━━━━━ STORED DATA ━━━━━

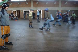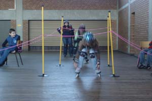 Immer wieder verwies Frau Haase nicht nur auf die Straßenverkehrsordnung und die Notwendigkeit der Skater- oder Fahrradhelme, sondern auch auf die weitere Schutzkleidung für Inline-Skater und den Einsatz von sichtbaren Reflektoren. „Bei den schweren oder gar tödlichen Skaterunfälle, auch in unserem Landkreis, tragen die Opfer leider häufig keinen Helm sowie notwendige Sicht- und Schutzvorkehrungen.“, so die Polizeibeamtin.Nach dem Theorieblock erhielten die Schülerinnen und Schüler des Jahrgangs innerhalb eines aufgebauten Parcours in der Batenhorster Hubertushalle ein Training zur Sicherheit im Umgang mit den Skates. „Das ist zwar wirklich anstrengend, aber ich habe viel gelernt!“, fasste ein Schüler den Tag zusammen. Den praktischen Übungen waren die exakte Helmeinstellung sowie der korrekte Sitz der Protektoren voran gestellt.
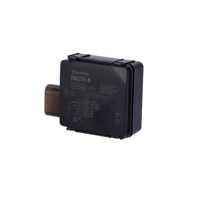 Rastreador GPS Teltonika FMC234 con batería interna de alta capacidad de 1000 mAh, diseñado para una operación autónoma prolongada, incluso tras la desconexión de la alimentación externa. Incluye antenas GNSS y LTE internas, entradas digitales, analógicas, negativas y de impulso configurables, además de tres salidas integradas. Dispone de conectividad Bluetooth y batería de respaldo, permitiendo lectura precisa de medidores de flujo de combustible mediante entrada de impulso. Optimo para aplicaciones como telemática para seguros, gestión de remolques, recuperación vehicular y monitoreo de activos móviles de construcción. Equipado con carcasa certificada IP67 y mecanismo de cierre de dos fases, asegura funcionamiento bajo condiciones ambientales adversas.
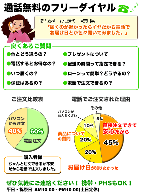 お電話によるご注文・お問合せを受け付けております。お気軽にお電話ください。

━━━━━

## [YOUR TASK]
Without the pictures, copy the material exactly as given.

## [ANSWER SPACE]
 Immer wieder verwies Frau Haase nicht nur auf die Straßenverkehrsordnung und die Notwendigkeit der Skater- oder Fahrradhelme, sondern auch auf die weitere Schutzkleidung für Inline-Skater und den Einsatz von sichtbaren Reflektoren. „Bei den schweren oder gar tödlichen Skaterunfälle, auch in unserem Landkreis, tragen die Opfer leider häufig keinen Helm sowie notwendige Sicht- und Schutzvorkehrungen.“, so die Polizeibeamtin.Nach dem Theorieblock erhielten die Schülerinnen und Schüler des Jahrgangs innerhalb eines aufgebauten Parcours in der Batenhorster Hubertushalle ein Training zur Sicherheit im Umgang mit den Skates. „Das ist zwar wirklich anstrengend, aber ich habe viel gelernt!“, fasste ein Schüler den Tag zusammen. Den praktischen Übungen waren die exakte Helmeinstellung sowie der korrekte Sitz der Protektoren voran gestellt.
 Rastreador GPS Teltonika FMC234 con batería interna de alta capacidad de 1000 mAh, diseñado para una operación autónoma prolongada, incluso tras la desconexión de la alimentación externa. Incluye antenas GNSS y LTE internas, entradas digitales, analógicas, negativas y de impulso configurables, además de tres salidas integradas. Dispone de conectividad Bluetooth y batería de respaldo, permitiendo lectura precisa de medidores de flujo de combustible mediante entrada de impulso. Optimo para aplicaciones como telemática para seguros, gestión de remolques, recuperación vehicular y monitoreo de activos móviles de construcción. Equipado con carcasa certificada IP67 y mecanismo de cierre de dos fases, asegura funcionamiento bajo condiciones ambientales adversas.
 お電話によるご注文・お問合せを受け付けております。お気軽にお電話ください。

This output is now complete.